| Given entries |
++++

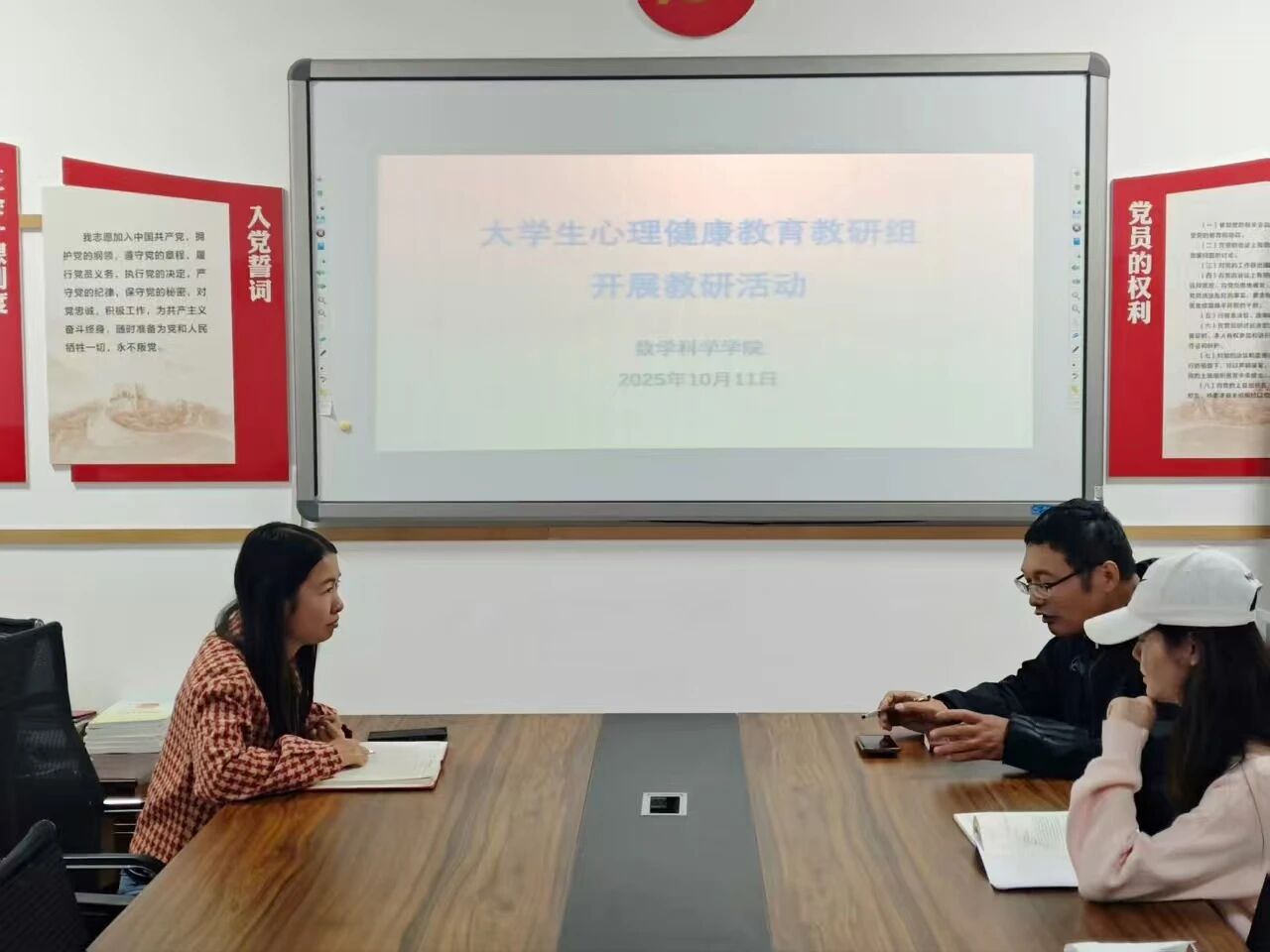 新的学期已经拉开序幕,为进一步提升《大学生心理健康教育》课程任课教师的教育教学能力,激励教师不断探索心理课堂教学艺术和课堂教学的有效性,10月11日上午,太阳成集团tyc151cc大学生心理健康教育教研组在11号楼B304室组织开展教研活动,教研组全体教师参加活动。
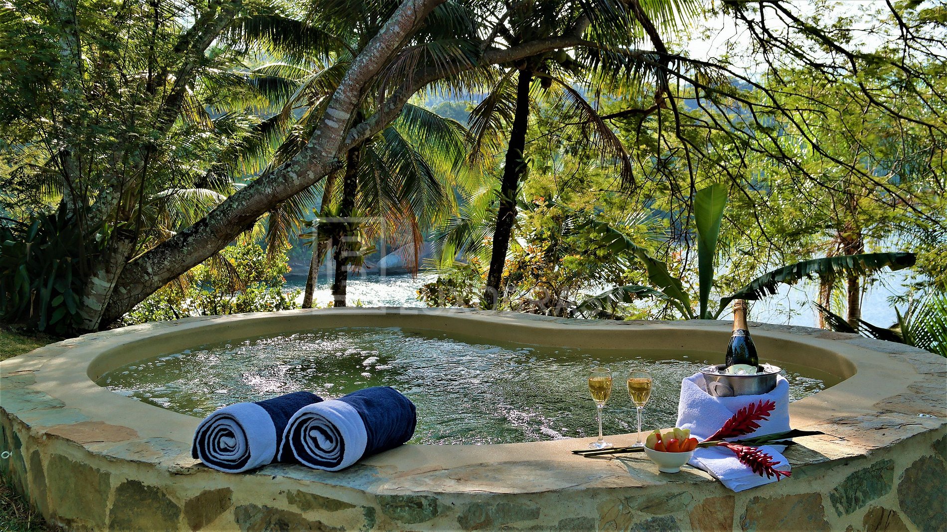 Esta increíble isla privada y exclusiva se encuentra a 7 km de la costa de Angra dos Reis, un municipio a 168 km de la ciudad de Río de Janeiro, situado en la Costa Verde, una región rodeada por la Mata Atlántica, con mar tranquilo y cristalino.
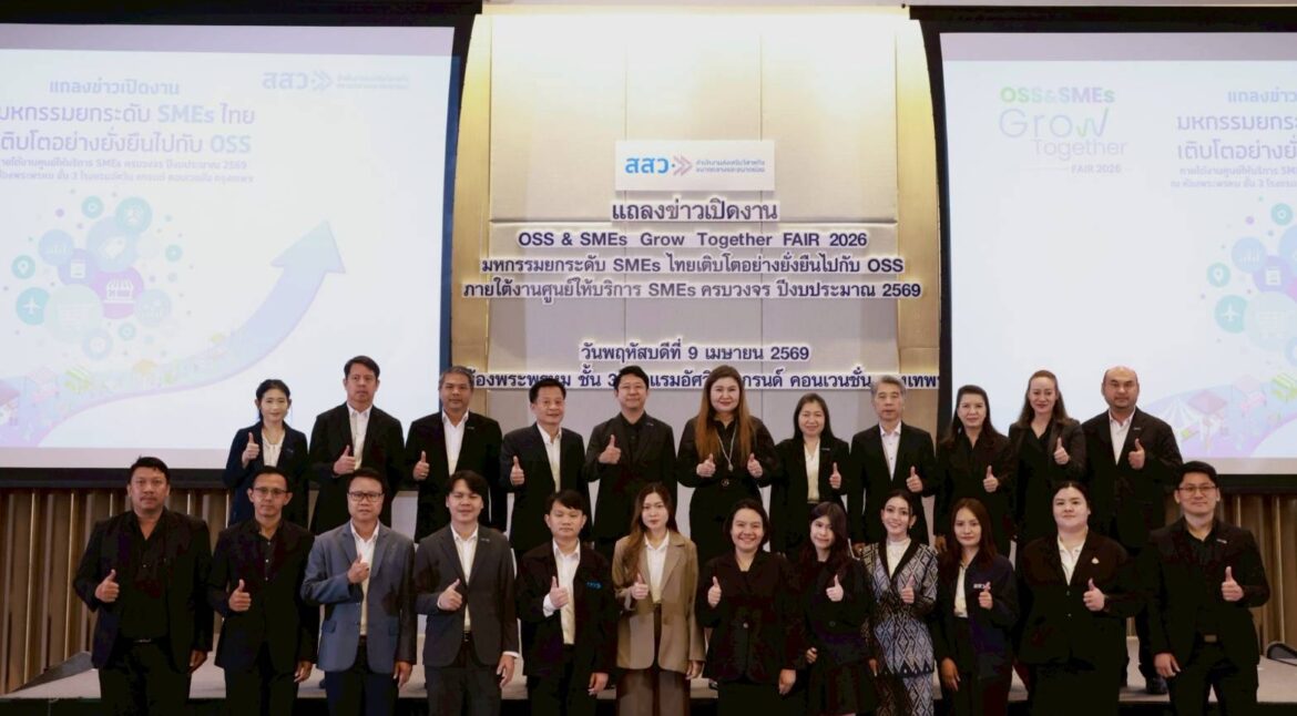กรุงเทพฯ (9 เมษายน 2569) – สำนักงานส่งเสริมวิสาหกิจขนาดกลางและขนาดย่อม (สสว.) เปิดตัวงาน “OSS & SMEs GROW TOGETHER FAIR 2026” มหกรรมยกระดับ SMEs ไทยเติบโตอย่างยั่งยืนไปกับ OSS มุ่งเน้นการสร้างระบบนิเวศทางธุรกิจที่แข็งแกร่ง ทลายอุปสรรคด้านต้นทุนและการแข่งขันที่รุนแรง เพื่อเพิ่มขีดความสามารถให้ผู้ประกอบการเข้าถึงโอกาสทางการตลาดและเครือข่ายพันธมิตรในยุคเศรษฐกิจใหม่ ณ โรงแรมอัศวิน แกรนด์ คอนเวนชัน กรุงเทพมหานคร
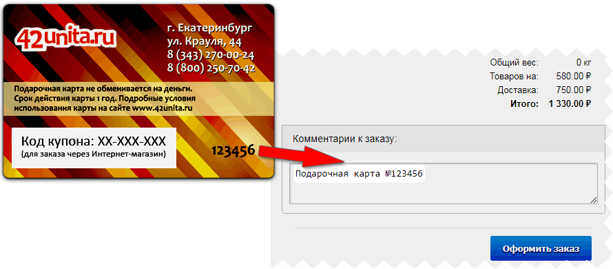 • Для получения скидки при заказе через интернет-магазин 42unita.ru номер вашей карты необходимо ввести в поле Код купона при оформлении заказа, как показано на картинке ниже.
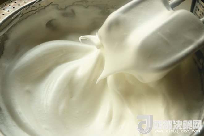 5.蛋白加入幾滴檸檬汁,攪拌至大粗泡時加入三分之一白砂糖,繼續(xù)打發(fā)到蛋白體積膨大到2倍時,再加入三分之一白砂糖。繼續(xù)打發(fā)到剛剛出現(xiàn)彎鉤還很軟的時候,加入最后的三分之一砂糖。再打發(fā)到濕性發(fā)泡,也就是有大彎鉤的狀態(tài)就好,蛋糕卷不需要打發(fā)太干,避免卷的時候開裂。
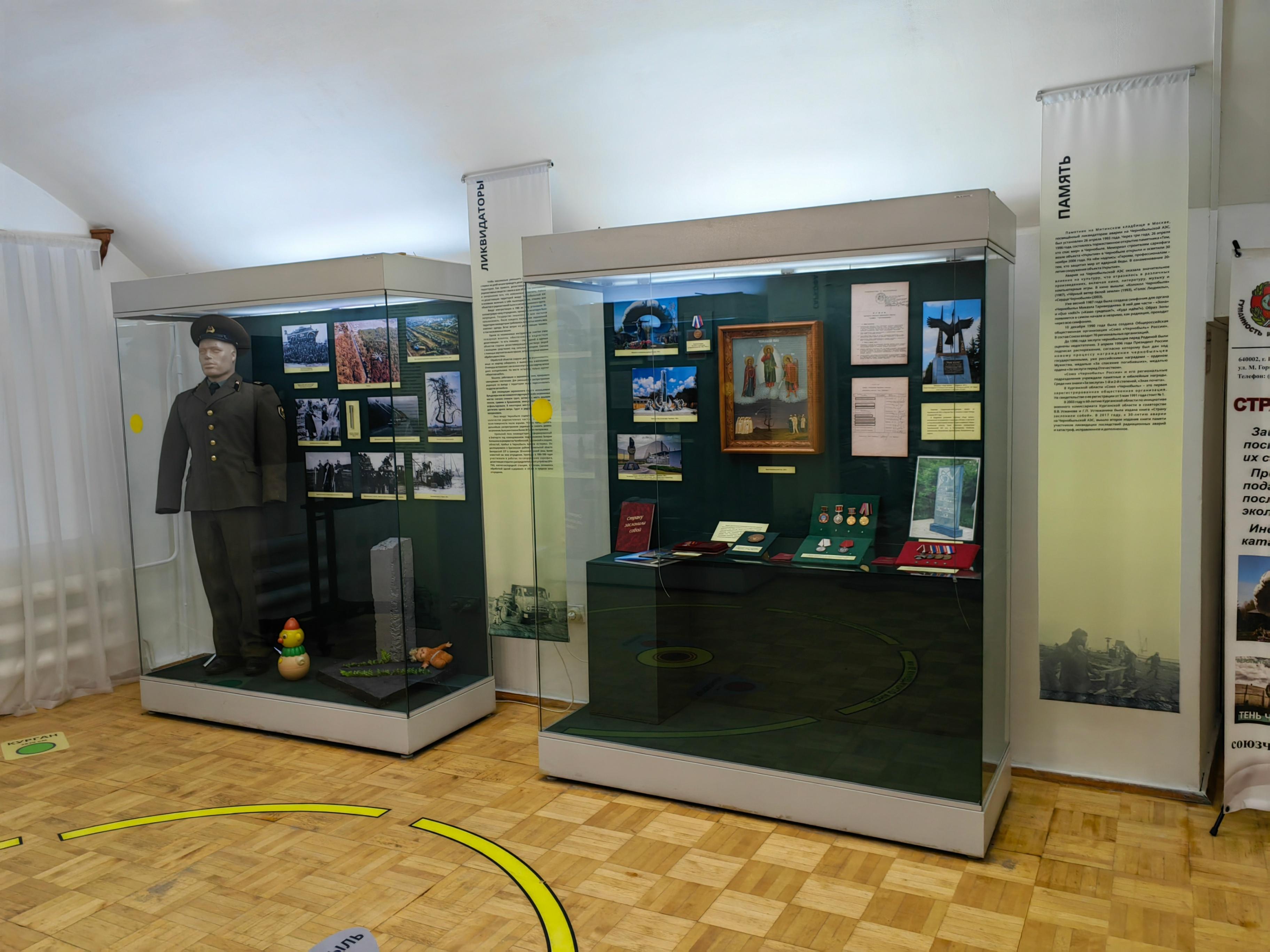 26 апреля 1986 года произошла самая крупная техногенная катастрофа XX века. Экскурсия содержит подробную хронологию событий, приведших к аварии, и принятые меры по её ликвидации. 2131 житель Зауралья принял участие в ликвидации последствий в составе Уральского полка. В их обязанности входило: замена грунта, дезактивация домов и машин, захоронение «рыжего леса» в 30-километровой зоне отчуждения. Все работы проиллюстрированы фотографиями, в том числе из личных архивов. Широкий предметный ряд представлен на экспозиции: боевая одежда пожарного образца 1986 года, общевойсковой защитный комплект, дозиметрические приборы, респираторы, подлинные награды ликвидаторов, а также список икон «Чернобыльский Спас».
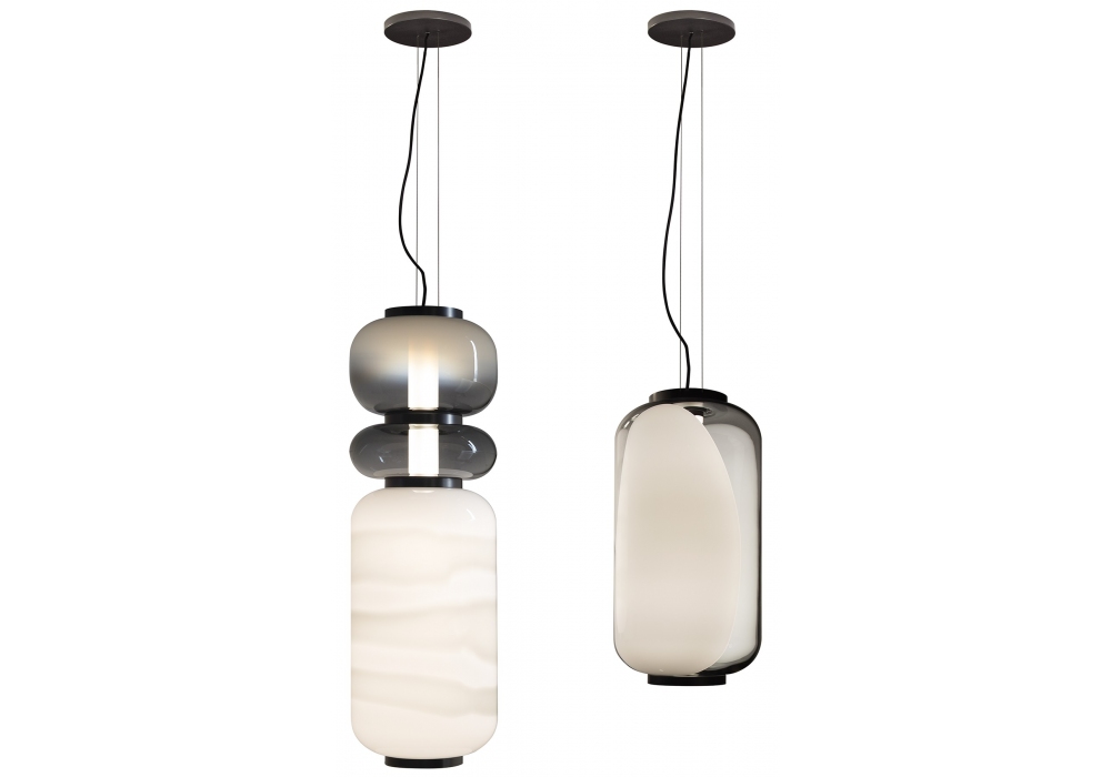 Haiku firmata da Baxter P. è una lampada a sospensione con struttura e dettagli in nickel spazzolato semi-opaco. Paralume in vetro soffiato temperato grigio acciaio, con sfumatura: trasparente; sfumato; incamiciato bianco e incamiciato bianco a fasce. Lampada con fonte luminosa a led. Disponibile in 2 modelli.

++++

| Exercise prompt |
Word for word, please reproduce each entry above and leave out every picture.

| Output for this task |
 新的学期已经拉开序幕,为进一步提升《大学生心理健康教育》课程任课教师的教育教学能力,激励教师不断探索心理课堂教学艺术和课堂教学的有效性,10月11日上午,太阳成集团tyc151cc大学生心理健康教育教研组在11号楼B304室组织开展教研活动,教研组全体教师参加活动。
 Esta increíble isla privada y exclusiva se encuentra a 7 km de la costa de Angra dos Reis, un municipio a 168 km de la ciudad de Río de Janeiro, situado en la Costa Verde, una región rodeada por la Mata Atlántica, con mar tranquilo y cristalino.
กรุงเทพฯ (9 เมษายน 2569) – สำนักงานส่งเสริมวิสาหกิจขนาดกลางและขนาดย่อม (สสว.) เปิดตัวงาน “OSS & SMEs GROW TOGETHER FAIR 2026” มหกรรมยกระดับ SMEs ไทยเติบโตอย่างยั่งยืนไปกับ OSS มุ่งเน้นการสร้างระบบนิเวศทางธุรกิจที่แข็งแกร่ง ทลายอุปสรรคด้านต้นทุนและการแข่งขันที่รุนแรง เพื่อเพิ่มขีดความสามารถให้ผู้ประกอบการเข้าถึงโอกาสทางการตลาดและเครือข่ายพันธมิตรในยุคเศรษฐกิจใหม่ ณ โรงแรมอัศวิน แกรนด์ คอนเวนชัน กรุงเทพมหานคร
 • Для получения скидки при заказе через интернет-магазин 42unita.ru номер вашей карты необходимо ввести в поле Код купона при оформлении заказа, как показано на картинке ниже.
 5.蛋白加入幾滴檸檬汁,攪拌至大粗泡時加入三分之一白砂糖,繼續(xù)打發(fā)到蛋白體積膨大到2倍時,再加入三分之一白砂糖。繼續(xù)打發(fā)到剛剛出現(xiàn)彎鉤還很軟的時候,加入最后的三分之一砂糖。再打發(fā)到濕性發(fā)泡,也就是有大彎鉤的狀態(tài)就好,蛋糕卷不需要打發(fā)太干,避免卷的時候開裂。
 26 апреля 1986 года произошла самая крупная техногенная катастрофа XX века. Экскурсия содержит подробную хронологию событий, приведших к аварии, и принятые меры по её ликвидации. 2131 житель Зауралья принял участие в ликвидации последствий в составе Уральского полка. В их обязанности входило: замена грунта, дезактивация домов и машин, захоронение «рыжего леса» в 30-километровой зоне отчуждения. Все работы проиллюстрированы фотографиями, в том числе из личных архивов. Широкий предметный ряд представлен на экспозиции: боевая одежда пожарного образца 1986 года, общевойсковой защитный комплект, дозиметрические приборы, респираторы, подлинные награды ликвидаторов, а также список икон «Чернобыльский Спас».
 Haiku firmata da Baxter P. è una lampada a sospensione con struttura e dettagli in nickel spazzolato semi-opaco. Paralume in vetro soffiato temperato grigio acciaio, con sfumatura: trasparente; sfumato; incamiciato bianco e incamiciato bianco a fasce. Lampada con fonte luminosa a led. Disponibile in 2 modelli.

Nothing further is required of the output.